For many common behaviors, there are good children’s story books available. If there is great upset over having a new sibling, you might read Julius baby of the World by Henkes or I’m a Big Brother by Cole. The idea is to use the book as a starting point for talking about emotions and behaviors.

Role playing scenarios with your child can be way more engaging than a conversation.  Go back through the scenario, act it out together and find better ways to manage. The child can be themselves or the other child as you go back through. This is meant to be flexible so brainstorm and act out lots of possibilities, and continue to guide them towards better choices and behaviors. If your child is hesitant to role play or you’d like to expand from this technique, giving puppet shows is a good alternative. You can use puppets, doll babies or action figures to model better behaviors and work through social situations.

In our house, we ask a lot of hypotheticals to coach behavior. My kids call this the “what if” game. This is asking “What ifs…” related to your child’s scenarios when all is well.  You can plan to play this over lunch or while driving to preschool. If you are teaching your child to take turns, this would be asking something like, “what would you do if you got to the sand box, and you really wanted to use a shovel, but there were only two and other children already had them?” 

If you have an artist, you can coach behaviors by having them draw pictures of it going well. This really focuses them on the behavior and later provides a visual reminder of the discussion. You can also draw them pictures of the wanted behaviors as a gift. For an older child, you might encourage them to draw comic strips rather than single pictures.  This adds the layer of being able to work through a situation across frames.

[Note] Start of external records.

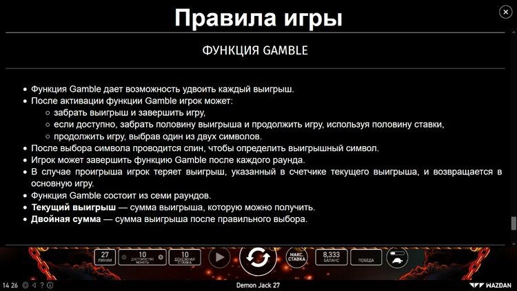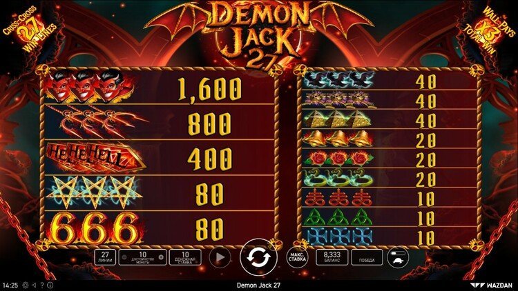 Таблица выплат Demon Jack 27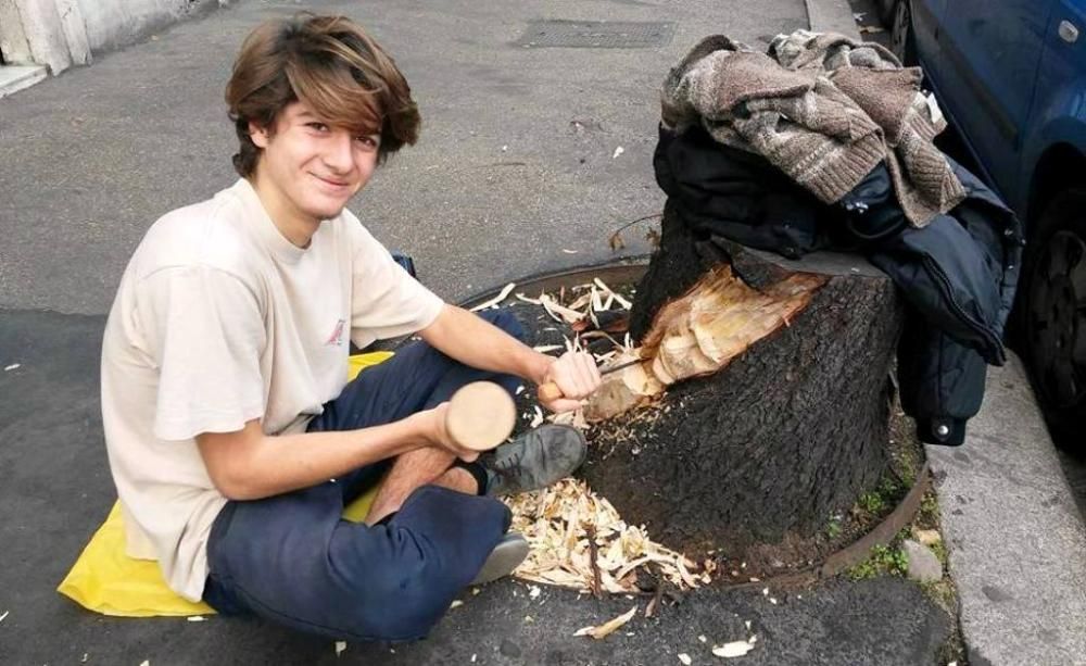 La sua idea nasce da una passione per l’arte che lo porta a girare per la città con uno zaino in spalla e tutti i suoi attrezzi: scalpellino e mazzuolo.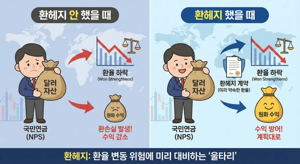 | 국민연금 수익률 측면 | 환율이 하락할 경우 환차손 방어 (자산 가치 보존) | 환율이 계속 오를 경우 막대한 환차익 포기 (기회비용 발생) |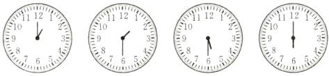 4. 先根据给出的时间在钟面上画出时针和分针,再填一填经过时间。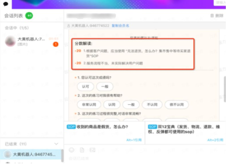 我们创新的提出了使用机器人(大黄)来培训客服这一全新的客服培训模式(已申请专利)。新客服在培训租户里,通过点击大黄头像,会产生一通非常真实的模拟会话,通过和会员聊天,不断学习平台工具使用,不断提升解决客户问题能力。一旦会话结束后,大黄机器人会对这通会话进行评价,并会告知应该使用某种具体的解决方案来回答用户问题。

For some behaviors, there are games available. There’s The Picnic Basket Manners game by Noodleboro for teaching “may I please,” “thank you,” and, “you’re welcome.” There’s a card game for teaching social skills titled Know the Code, and Feelings in a Jar for teaching about emotions. So many board games are good for teaching about turn taking, and later for teaching about managing competition. You can also make up your own games. To practice listening and following directions, we play Crazy Directions which is giving children a series of two, three or four step directions and seeing how many they can keep in order. On the playground, this might be saying, “stomp to the bridge, jump across the bridge, do two jumping jacks and crawl back.” I tend to repeat this to a child, then say “go!” It’s okay to give prompts if they struggle, and it’s fine to cut back from four to three or two directions the next go around.

You can also get creative and plan art projects to coach behaviors. In my preschool social groups, we practice turn taking by sitting four children down to a glue and mosaic art project with only one bottle of glue. We prepare them by explaining they will have to share the glue bottle and talk about how to ask for a turn and what they can do while they wait before we start. We coach them through and add a second glue bottle a few minutes in.